# cymbidiella pardalina, (rhodochila)



## lindafrog (Jun 4, 2010)

I need advise on cultural requirements for this beauty. I purchased on in bloom at a show. The vendor assured me it preferred cool moist conditions. Yet several books list warm conditions for best results.
All advise and experiences are welcome,
thanks and happy growing
Lindafrog in 58 degree Michigan....


----------



## NYEric (Jun 4, 2010)

If it's 58 degrees do you have a choice?


----------



## SlipperFan (Jun 4, 2010)

NYEric said:


> If it's 58 degrees do you have a choice?


:rollhappy:
She lives in a different part of Michigan than I do. That was the low last night here. Today it got to 80º F.

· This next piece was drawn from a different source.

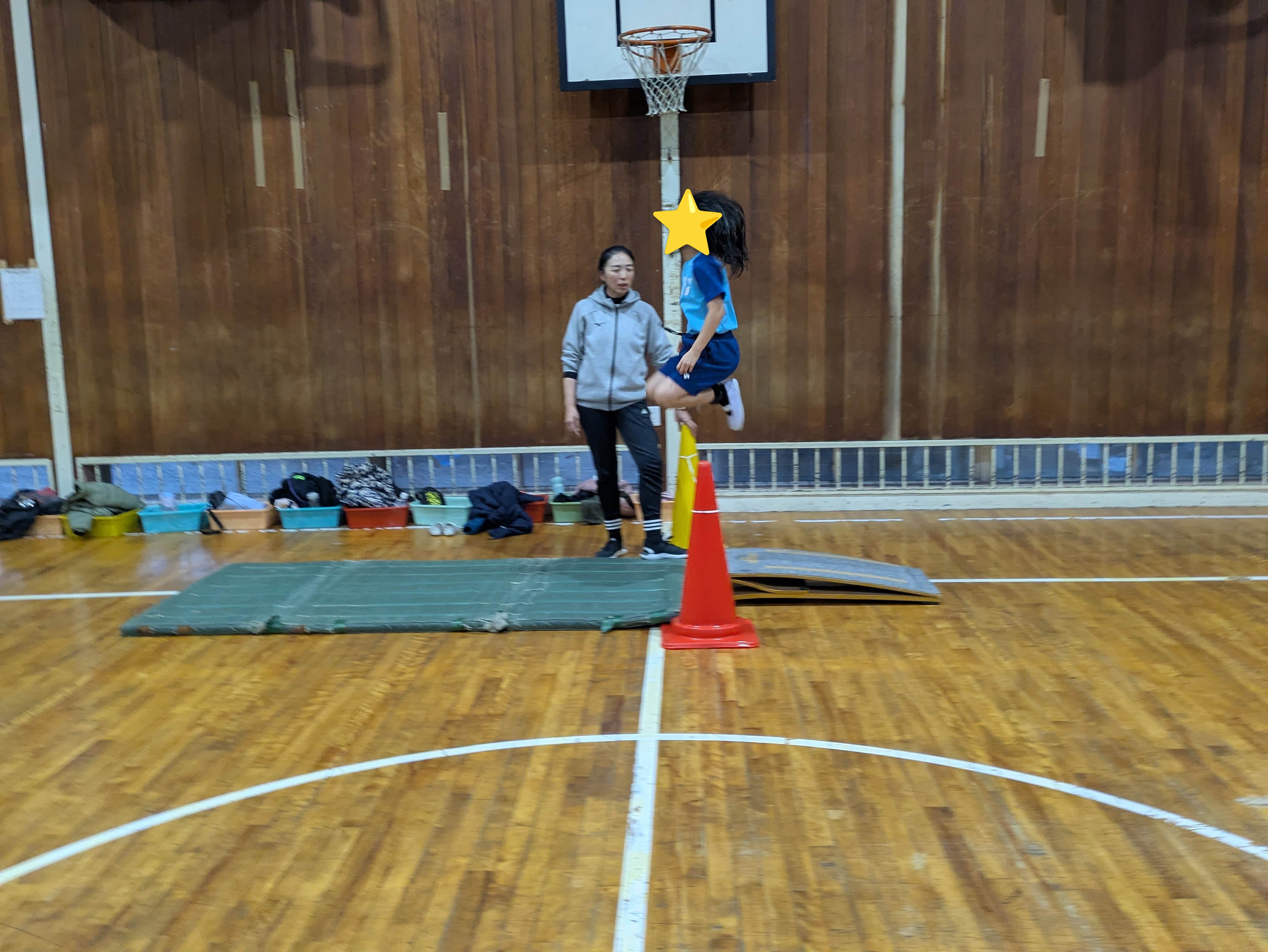 ロイター板でのジャンプの仕方の確認や、体を前に運ぶ練習をしました!

Did you check Jay? http://orchidspecies.com/cymbidiellarhodistica.htm -- he says the name is synonymous with rhodochila.


----------



## TyroneGenade (Jun 5, 2010)

I had one. It got cold and wet and rotted. I think "cool" is OK. "Cold" may be tolerated but cool or cold and wet would be a bad idea.

The plants grow in full sun in the wild. 

I don't think the temperature gets much below 20 deg C (70 deg F) where it comes from. When I was on Sainte Marie it was raining and I could still sit about in shorts. This was at about sea level.


----------